=== Section Start ===
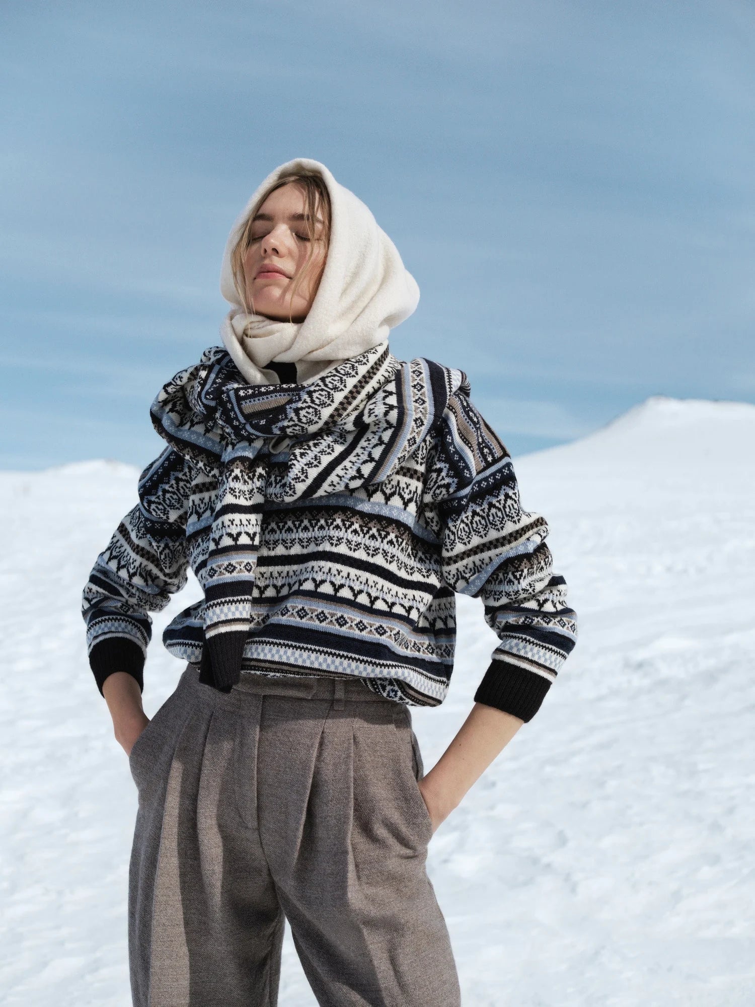 Inspired by Utsira, a vibrant island known for its colorful art, this wool sweater combines heritage patterns with a contemporary oversized fit, offering both style and warmth for your winter wardrobe.
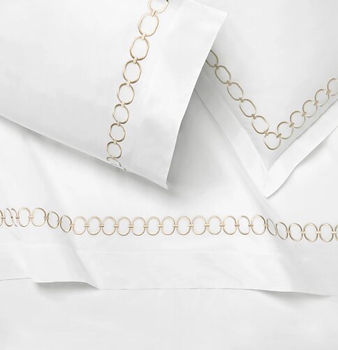 Modern Minimalism: Dive into the world of sleek sophistication with the Sferra Catena Bedding Collection. Inspired by the timeless allure of fine jewelry, Catena boasts a minimalist chain motif that exudes elegance and charm. Crafted on a canvas of pristine white percale, each piece is adorned with immaculately embroidered details, adding a touch of luxury to your sleep space.
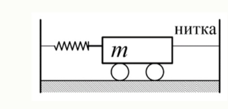 Тележка массы м с одной стороны соединена со стенкой пружина жесткость к , деформация которой равен ? X , а с другой - невесомая нитью.
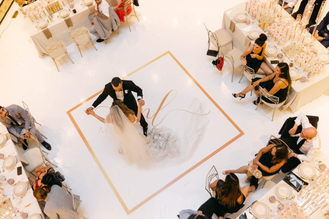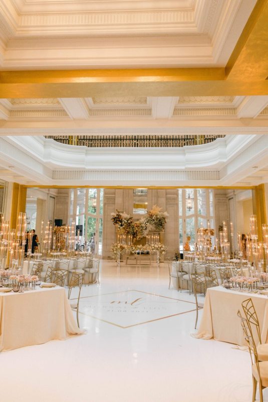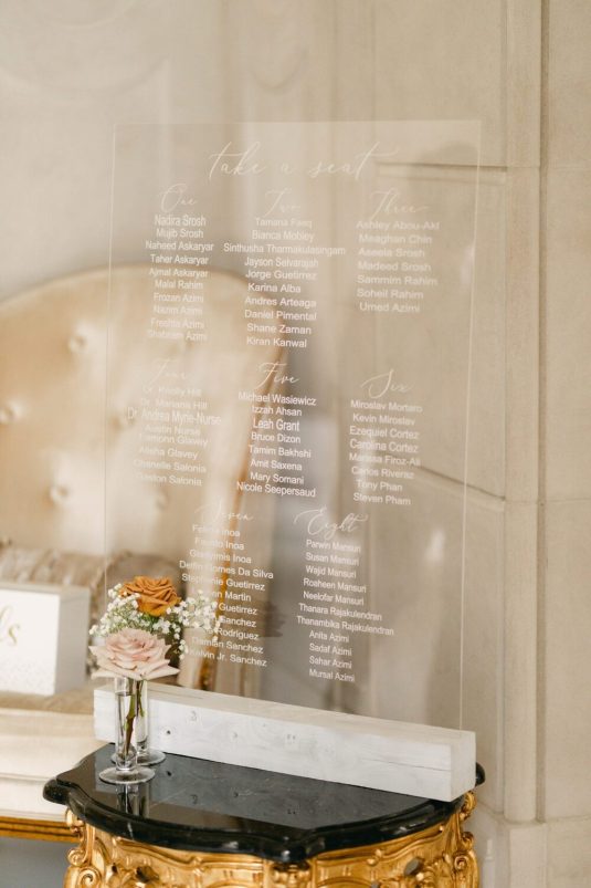 Floral Design @cocobycoverscouture, Groom and Groomsmen’s Formalwear @harryroseninc, Photography @515photoco, Full-Service Planning, Decor and Event Design, Dance Floor Artwork @petalsandpearls, Bridal Gown @berta, Veil @etsy, Bridal Shoes @jimmychoo, Bride’s Earrings and Maid of Honour’s Hair Accessory from Accessories by Talia, Groom’s Belt @louisvuitton, Rings @liviadiamonds, Bridesmaid Gowns @jennyyoonyc, Hair Stylist @manebyanna, Makeup Artist @ushatoronto, Acrylic Seating Chart and Place Cards @_misspapercut, Furniture Rentals and Tableware @detailzfurniturerentals, Linens @simplybeautifuldecor, Vinyl @wrapinthe6, Catering @riazcatering, Wedding Cake @fruitilicious_cakes, Macarons @ledelicepastryshop, Violinist @sofiaa_vio, Cinematography @raykwokfilms
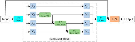 Res2Net is a multi-scale backbone network architecture first proposed by GAO et al. [34], originating from an improvement on the ResNet structure. Its multi-scale nature stems from multiple receptive fields at a finer granularity level, distinguishing it from methods that increase multi-scale by utilizing different resolutions. As illustrated in Figure 3, Res2Net divides the 3 × 3 filters in the original ResNet’s Bottleneck Block structure into n smaller filter groups, forming the Bottle2neck Block structure. It connects different filter groups using a residual block-like structure, allowing features extracted by each group to be passed on to the next, and finally concatenates all groups’ feature maps and sends them through a 1 × 1 filter for complete feature fusion. The combinatorial explosion effect generated by this structure enables the Res2Net architecture to include multi-scale receptive fields. Res2Net was chosen over other architectures like Efficient Net or Dense Net due to its superior ability to capture multi-scale features. Res2Net’s architecture, which employs a series of residual blocks with increasing depths and parallel branches, allows it to capture a richer set of features at various scales. This is particularly beneficial for indoor scenes where objects can vary significantly in size and complexity. Efficient Net, while efficient, focuses more on a balanced scaling of depth, width, and resolution, which may not be as effective for capturing the fine-grained details necessary for indoor object detection. Dense Net, with its dense connectivity pattern, can be computationally expensive and may suffer from diminishing returns in feature propagation, making it less suitable for our resource-constrained application. Depending on the number of layers, Res2Net has multiple structures. Without significantly increasing computational load while ensuring model depth, this paper selects Res2Net101 as the foundational model for the regression network. Due to the small batch size, Group normalization [35] is used to replace the original Batch normalization, and the existing convolution layer Conv is replaced with ConvAWS [36], thereby enhancing the network’s accuracy in indoor object recognition and reducing model computational overhead.
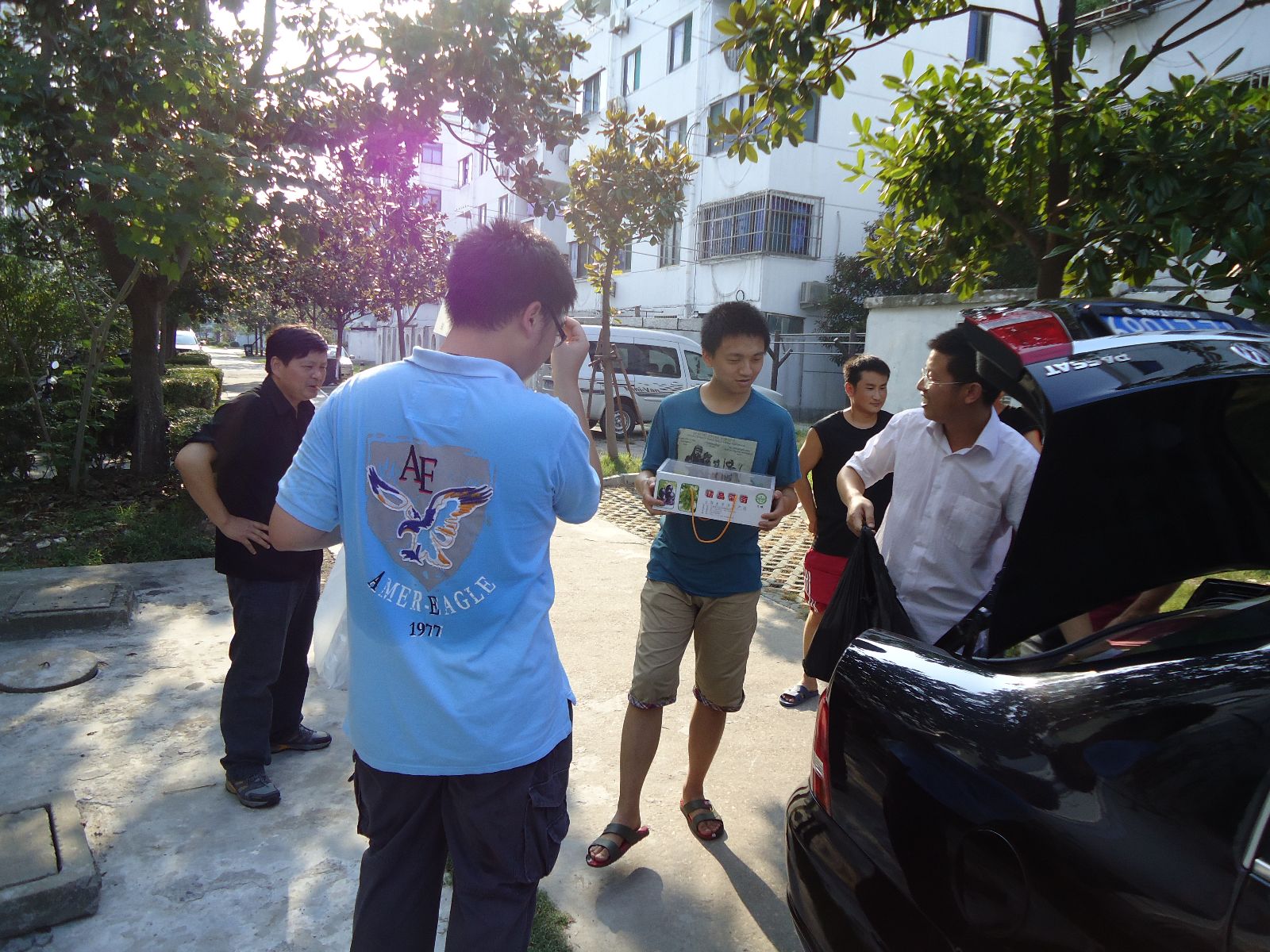 图4 老师向学生们发放慰问品
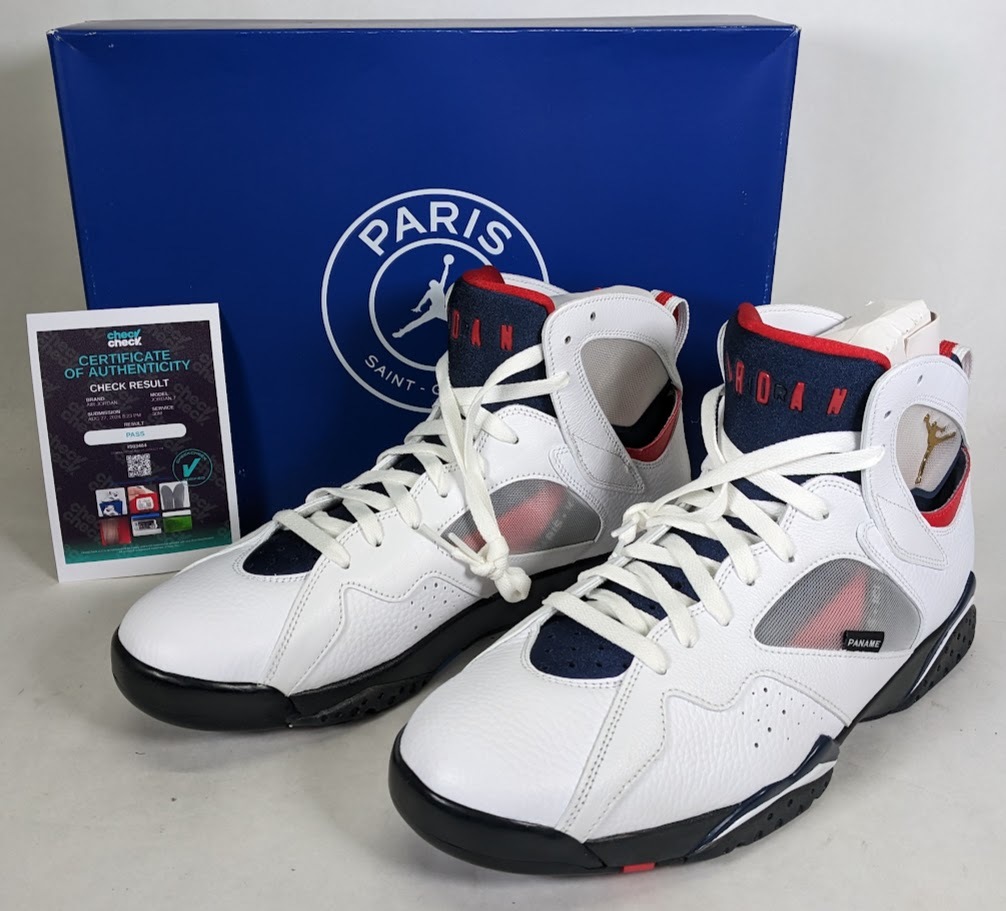 The Retro 7 PSGs for sale are preowned but in like new condition. There are no visible signs of wear to note. Included is the original box and COA from Check Check.
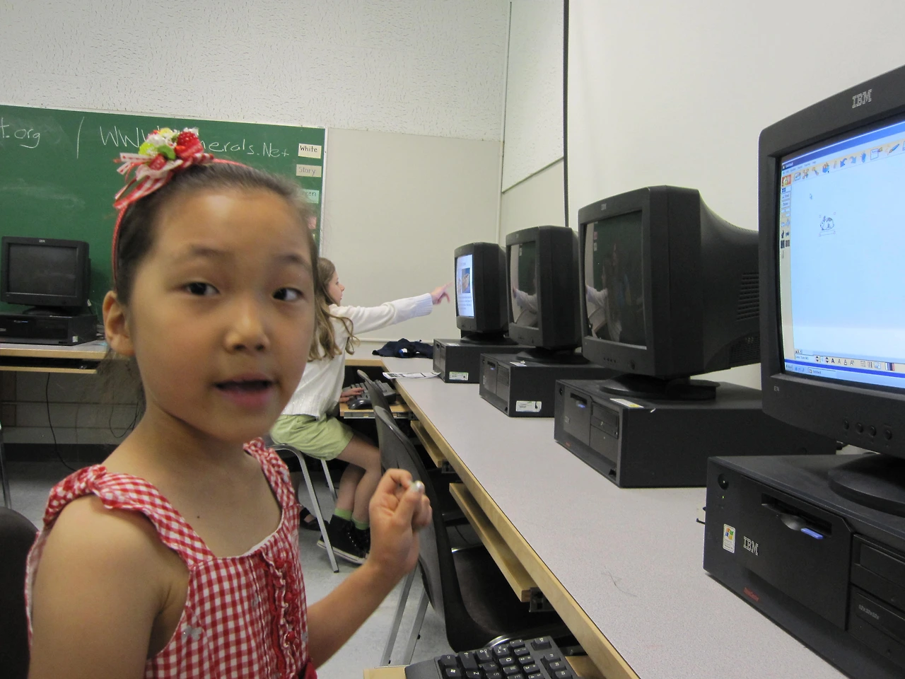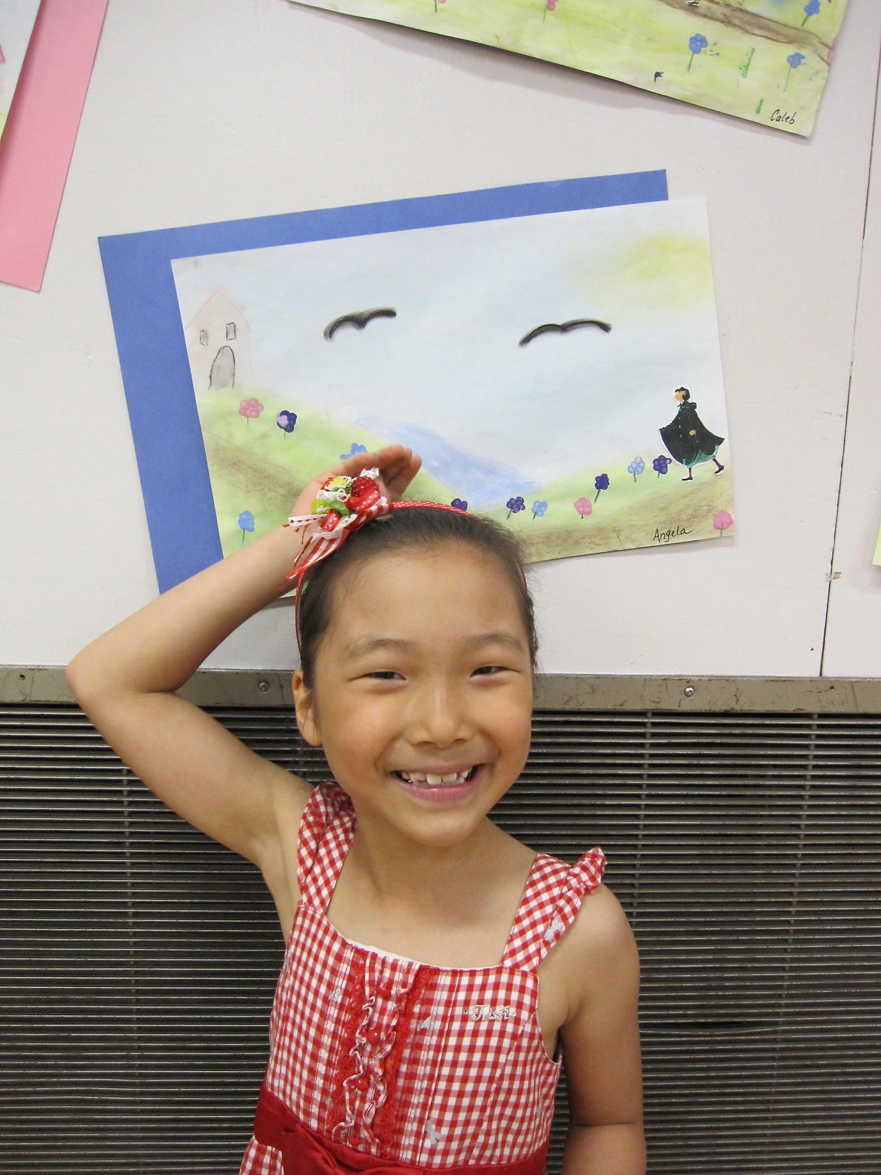 항상 수업 시작 때 한다는 날짜와 요일, 날씨 등을 담은 노래도 들려주고, gym에 딸아이 작품이 걸려있는 것도 보고, 컴퓨터실에 가서 어떤 수업을 했나 보여주기도 했다.
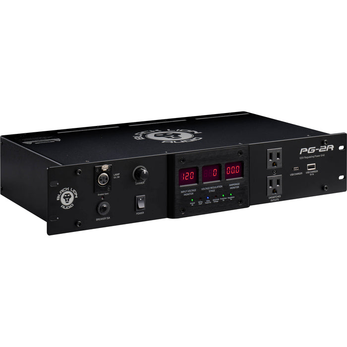 A maioria dos equipamentos modernos contém uma grande variedade de equipamentos analógicos e digitais. O Black Lion Audio PG-2R leva tudo isso em consideração. Em seu painel traseiro, esta excelente unidade abriga um banco de 12 tomadas comutadas, filtradas e protegidas contra surtos, divididas em quatro grupos: Áudio Digital, Áudio Analógico e Alta Corrente. As saídas Analog Audio e High Current são atrasadas, garantindo que seu amplificador e alto-falantes sejam os últimos a ligar e os primeiros a desligar, evitando assim o som “pop” que faz todo dono de estúdio se encolher. No painel frontal do PG-3R, você também obtém duas tomadas de conveniência filtradas e não comutadas e dois carregadores USB. Um par de conectores de lâmpada XLR também está incluído.
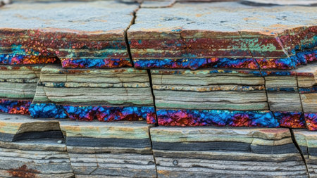 Showing colorful layered rock formations showing geological strata and sediments keywords: geology, rock, layers, strata, colorful,...
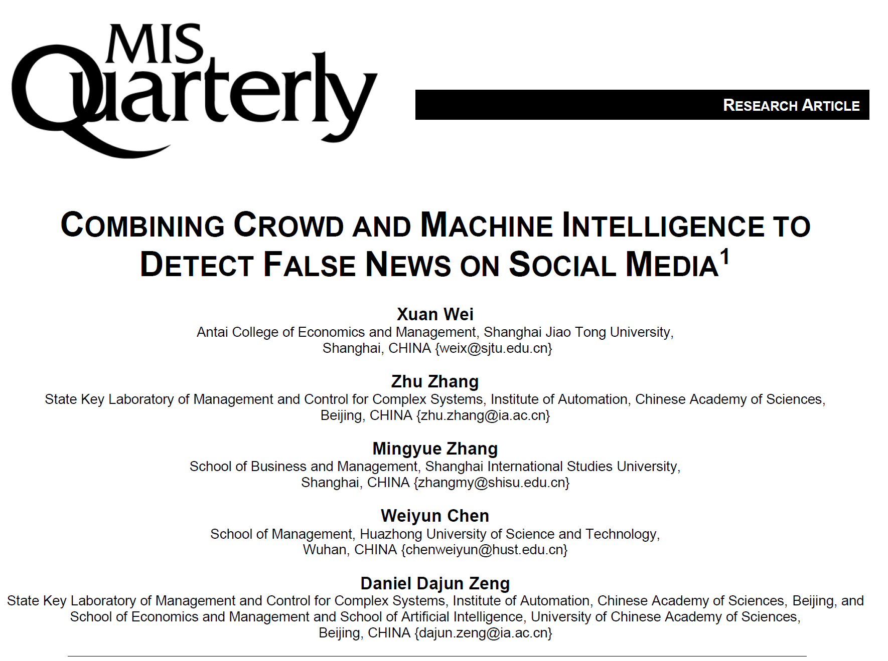 Wei, X., Zhang, Z.*, Zhang, M.*, Chen, W., & Zeng, D. D. (2022). Combining Crowd and Machine Intelligence to Detect False News on Social Media. MIS Quarterly, 46(2), 977-1008.
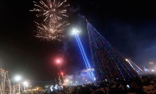 The $24,000 Christmas tree, measuring in at 85-feet-tall and 35 feet in diameter, was placed at the center of the capital’s amusement park.
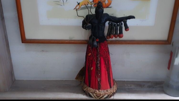 Imagem de Exu na casa de Milton Cunha. Toda segunda-feira,ele joga bebida na imagem para pedir proteção — Foto: Reprodução
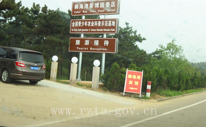 从碧海路一路向北,日照海滨国家森林公园南面,一片松树林的背后有一片郁郁葱葱的茶园,这就是御海湾茶园,穿过松林进入茶园,顿觉心旷神怡,感觉进入了世外桃源一般.这里只生产一个品牌的绿茶--御海湾原生态茶,在如此优美环境下长成的茶叶一定会别有滋味。
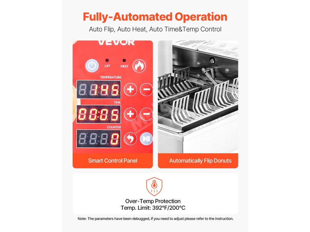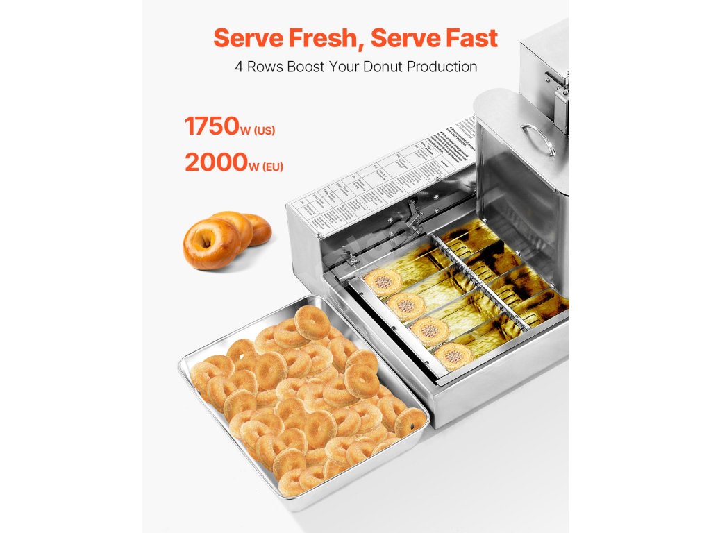 Q1: Kolik koblih dokáže stroj vyrobit za hodinu?A1: Náš stroj na koblihy dokáže vyrobit až 240 koblih za hodinu. Je navržen pro vysokou účinnost, takže se skvěle hodí pro komerční použití v pekárnách, kavárnách a stáncích s jídlem. O2: Dá se stroj snadno čistit?A2: Ano! Odpověď: Díky konstrukci z potravinářské nerezové oceli 304 je čištění rychlé a snadné. Stačí stroj po každém použití otřít a je připraven na další várku. 3. otázka: A3: Rozhodně! Přístroj je vybaven nastavitelnou regulací teploty a přesným časovačem, což vám umožní přizpůsobit podmínky smažení pro vždy dobře propečené koblihy.
=== Section End ===
Pictures stay out of the copy, while everything else in the records above goes in exactly as written.

• [Answer area]:
 Inspired by Utsira, a vibrant island known for its colorful art, this wool sweater combines heritage patterns with a contemporary oversized fit, offering both style and warmth for your winter wardrobe.
 Modern Minimalism: Dive into the world of sleek sophistication with the Sferra Catena Bedding Collection. Inspired by the timeless allure of fine jewelry, Catena boasts a minimalist chain motif that exudes elegance and charm. Crafted on a canvas of pristine white percale, each piece is adorned with immaculately embroidered details, adding a touch of luxury to your sleep space.
 Тележка массы м с одной стороны соединена со стенкой пружина жесткость к , деформация которой равен ? X , а с другой - невесомая нитью.
 Floral Design @cocobycoverscouture, Groom and Groomsmen’s Formalwear @harryroseninc, Photography @515photoco, Full-Service Planning, Decor and Event Design, Dance Floor Artwork @petalsandpearls, Bridal Gown @berta, Veil @etsy, Bridal Shoes @jimmychoo, Bride’s Earrings and Maid of Honour’s Hair Accessory from Accessories by Talia, Groom’s Belt @louisvuitton, Rings @liviadiamonds, Bridesmaid Gowns @jennyyoonyc, Hair Stylist @manebyanna, Makeup Artist @ushatoronto, Acrylic Seating Chart and Place Cards @_misspapercut, Furniture Rentals and Tableware @detailzfurniturerentals, Linens @simplybeautifuldecor, Vinyl @wrapinthe6, Catering @riazcatering, Wedding Cake @fruitilicious_cakes, Macarons @ledelicepastryshop, Violinist @sofiaa_vio, Cinematography @raykwokfilms
 Res2Net is a multi-scale backbone network architecture first proposed by GAO et al. [34], originating from an improvement on the ResNet structure. Its multi-scale nature stems from multiple receptive fields at a finer granularity level, distinguishing it from methods that increase multi-scale by utilizing different resolutions. As illustrated in Figure 3, Res2Net divides the 3 × 3 filters in the original ResNet’s Bottleneck Block structure into n smaller filter groups, forming the Bottle2neck Block structure. It connects different filter groups using a residual block-like structure, allowing features extracted by each group to be passed on to the next, and finally concatenates all groups’ feature maps and sends them through a 1 × 1 filter for complete feature fusion. The combinatorial explosion effect generated by this structure enables the Res2Net architecture to include multi-scale receptive fields. Res2Net was chosen over other architectures like Efficient Net or Dense Net due to its superior ability to capture multi-scale features. Res2Net’s architecture, which employs a series of residual blocks with increasing depths and parallel branches, allows it to capture a richer set of features at various scales. This is particularly beneficial for indoor scenes where objects can vary significantly in size and complexity. Efficient Net, while efficient, focuses more on a balanced scaling of depth, width, and resolution, which may not be as effective for capturing the fine-grained details necessary for indoor object detection. Dense Net, with its dense connectivity pattern, can be computationally expensive and may suffer from diminishing returns in feature propagation, making it less suitable for our resource-constrained application. Depending on the number of layers, Res2Net has multiple structures. Without significantly increasing computational load while ensuring model depth, this paper selects Res2Net101 as the foundational model for the regression network. Due to the small batch size, Group normalization [35] is used to replace the original Batch normalization, and the existing convolution layer Conv is replaced with ConvAWS [36], thereby enhancing the network’s accuracy in indoor object recognition and reducing model computational overhead.
 图4 老师向学生们发放慰问品
 The Retro 7 PSGs for sale are preowned but in like new condition. There are no visible signs of wear to note. Included is the original box and COA from Check Check.
 항상 수업 시작 때 한다는 날짜와 요일, 날씨 등을 담은 노래도 들려주고, gym에 딸아이 작품이 걸려있는 것도 보고, 컴퓨터실에 가서 어떤 수업을 했나 보여주기도 했다.
 A maioria dos equipamentos modernos contém uma grande variedade de equipamentos analógicos e digitais. O Black Lion Audio PG-2R leva tudo isso em consideração. Em seu painel traseiro, esta excelente unidade abriga um banco de 12 tomadas comutadas, filtradas e protegidas contra surtos, divididas em quatro grupos: Áudio Digital, Áudio Analógico e Alta Corrente. As saídas Analog Audio e High Current são atrasadas, garantindo que seu amplificador e alto-falantes sejam os últimos a ligar e os primeiros a desligar, evitando assim o som “pop” que faz todo dono de estúdio se encolher. No painel frontal do PG-3R, você também obtém duas tomadas de conveniência filtradas e não comutadas e dois carregadores USB. Um par de conectores de lâmpada XLR também está incluído.
 Showing colorful layered rock formations showing geological strata and sediments keywords: geology, rock, layers, strata, colorful,...
 Wei, X., Zhang, Z.*, Zhang, M.*, Chen, W., & Zeng, D. D. (2022). Combining Crowd and Machine Intelligence to Detect False News on Social Media. MIS Quarterly, 46(2), 977-1008.
 The $24,000 Christmas tree, measuring in at 85-feet-tall and 35 feet in diameter, was placed at the center of the capital’s amusement park.
 Imagem de Exu na casa de Milton Cunha. Toda segunda-feira,ele joga bebida na imagem para pedir proteção — Foto: Reprodução
 从碧海路一路向北,日照海滨国家森林公园南面,一片松树林的背后有一片郁郁葱葱的茶园,这就是御海湾茶园,穿过松林进入茶园,顿觉心旷神怡,感觉进入了世外桃源一般.这里只生产一个品牌的绿茶--御海湾原生态茶,在如此优美环境下长成的茶叶一定会别有滋味。
 Q1: Kolik koblih dokáže stroj vyrobit za hodinu?A1: Náš stroj na koblihy dokáže vyrobit až 240 koblih za hodinu. Je navržen pro vysokou účinnost, takže se skvěle hodí pro komerční použití v pekárnách, kavárnách a stáncích s jídlem. O2: Dá se stroj snadno čistit?A2: Ano! Odpověď: Díky konstrukci z potravinářské nerezové oceli 304 je čištění rychlé a snadné. Stačí stroj po každém použití otřít a je připraven na další várku. 3. otázka: A3: Rozhodně! Přístroj je vybaven nastavitelnou regulací teploty a přesným časovačem, což vám umožní přizpůsobit podmínky smažení pro vždy dobře propečené koblihy.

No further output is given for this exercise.